Bezpieczeństwo mediów społecznościowych na drodze
Kiedy podróżuję, mam bzika na punkcie bezpieczeństwa. Czasami na własną szkodę. Jeśli nie podoba mi się klimat kierowcy taksówki, przekazuję go i idę lub czekam, aż pojawi się następna taksówka. Jeśli wyjrzę za drzwi hotelu, a mój żołądek mówi „zostańmy tu na wieczór”, nie wychodzę. Jest kilka miast, w których widziałem tylko wspaniałe hotele, ale nigdy nie żałowałem, że posłuchałem mojej intuicji - w końcu wciąż tu jestem i rzadko miałem złe doświadczenia z podróży.

Ale jedną rzeczą, którą robię - która zawsze sprawia, że ​​trochę się zatrzymuję - jest tweet. Spieszę się z odprawą na FourSquare na nowym lub rzadko odwiedzanym lotnisku i lubię od czasu do czasu robić zdjęcia dziwnych rzeczy, które napotykam i zamieszczać je w Internecie z tagiem o tym, gdzie jestem i co robię .

I jedyną rzeczą, która naprawdę mnie rozśmieszyła, był ostatni raz, kiedy byłem w Phoenix i spędziłem w Sky Harbor kolejny raz w tym roku. Znikąd mój BlackBerry zadzwonił i dostałem tweeta od kogoś, kogo nie znałem - który również był w Sky Harbor i szukał podobnych dusz, które również utknęły tam z powodu pogody i to ja niedaleko tutaj? To, czego dusza nie wiedziała, to to, że tweet był również sposobem, by mnie przerazić. Nagle mój mały, anonimowy świat nie był już taki anonimowy.

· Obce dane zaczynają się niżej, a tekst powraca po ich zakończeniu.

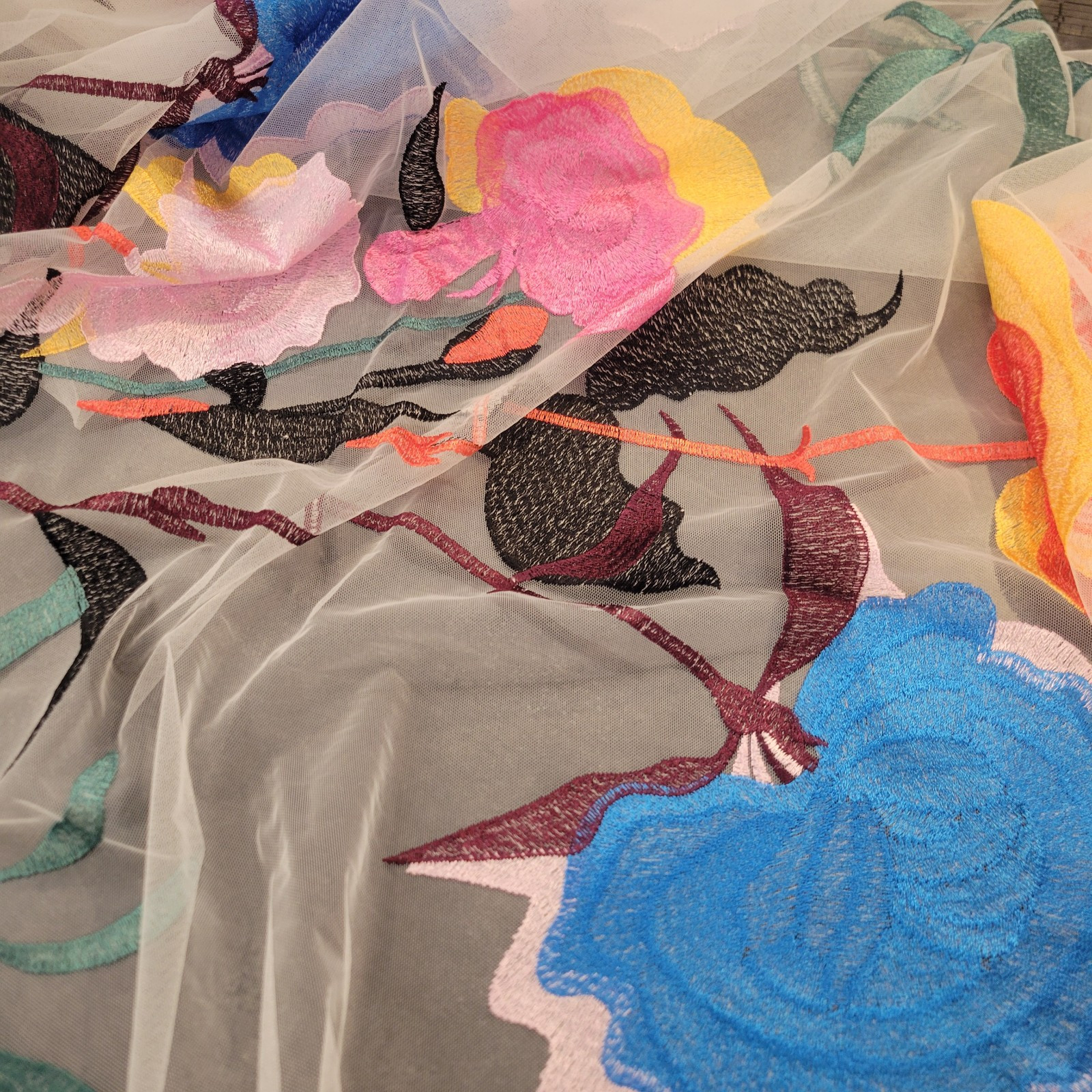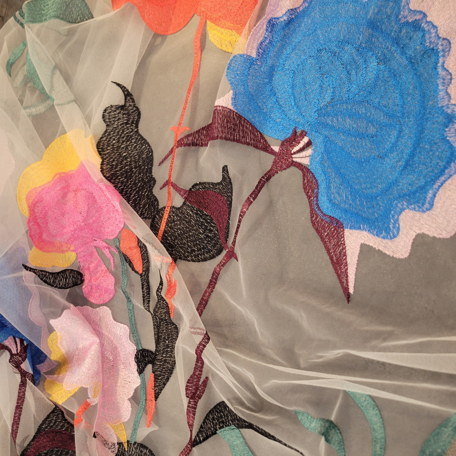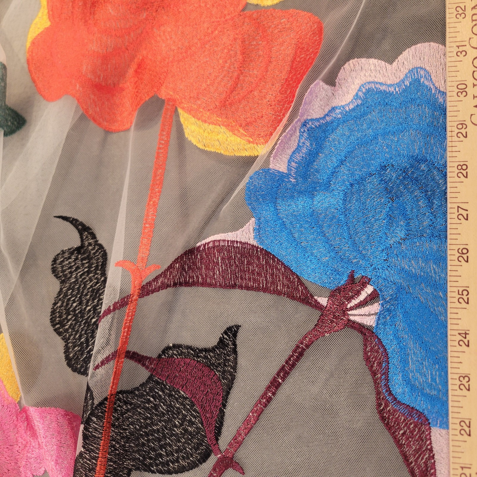 Fabulous fine white tulle with a large floral pattern embroidered in vivid colors! Perfect for gowns, lingerie, denim jacket insets, and as an overlay or inset to dress up anything! Designer overstock from Monique Lhuillier.

Jesteśmy tak przyzwyczajeni do strumieni informacji pochodzących z całego miejsca, że ​​czasami zapominamy, że mogą istnieć problemy z bezpieczeństwem, pozwalając nieznajomym wejść w bańkę naszego istnienia. Na Facebooku musisz mnie znać, aby zobaczyć moje aktualizacje statusu - trzymam to zamknięte dla grupy osób, którym ufam. Ale na Twitterze moje aktualizacje są na publicznej osi czasu i dlatego można je odkryć.

Co więcej, nie tylko Shadowed Tweeter znalazł mnie w Phoenix Sky Harbor; to także ważna informacja dla ludzi, aby wiedzieć, że nie ma mnie w domu (ale moje psy ZAWSZE są, więc jeśli chcesz zjeść lunch dla mojego Owczarka Niemieckiego, chodź ...). Nie chcę wracać do domu z rozbitymi drzwiami, brakującymi komputerami i telewizorami oraz naruszoną przestrzenią.

Więc rozumiem, jakie informacje wypuszczam na świat, podróżując samotnie. Myślę, że wszyscy powinni.

1. Nie publikuję mojego miejsca pobytu na Twitterze, chyba że jestem w moim rodzinnym mieście lub w jego pobliżu.

2. Jeśli używasz czegoś takiego jak FourSquare, sprawdź dwukrotnie ustawienia prywatności, aby upewnić się, że nie publikujesz automatycznie na Twitterze.

3. Jeśli aktualizacje statusu na Facebooku są otwarte dla całego świata, rozważ ograniczenie ich do osób, którym ufasz.

Nie pomijam funkcji bezpieczeństwa, która jest nieodłączną częścią takich rzeczy, jak FourSquare - jeśli gdzieś się zameldujesz i znikniesz, daje to punkt wyjścia. Po prostu nie dawaj ludziom, których nie znasz powodu, aby cię szukać - na własnej lub poza nią.

Bezpieczne podróże.

Instrukcje Wideo: Odblaskowa szkoła Chcę być bezpieczny na drodze (Może 2024).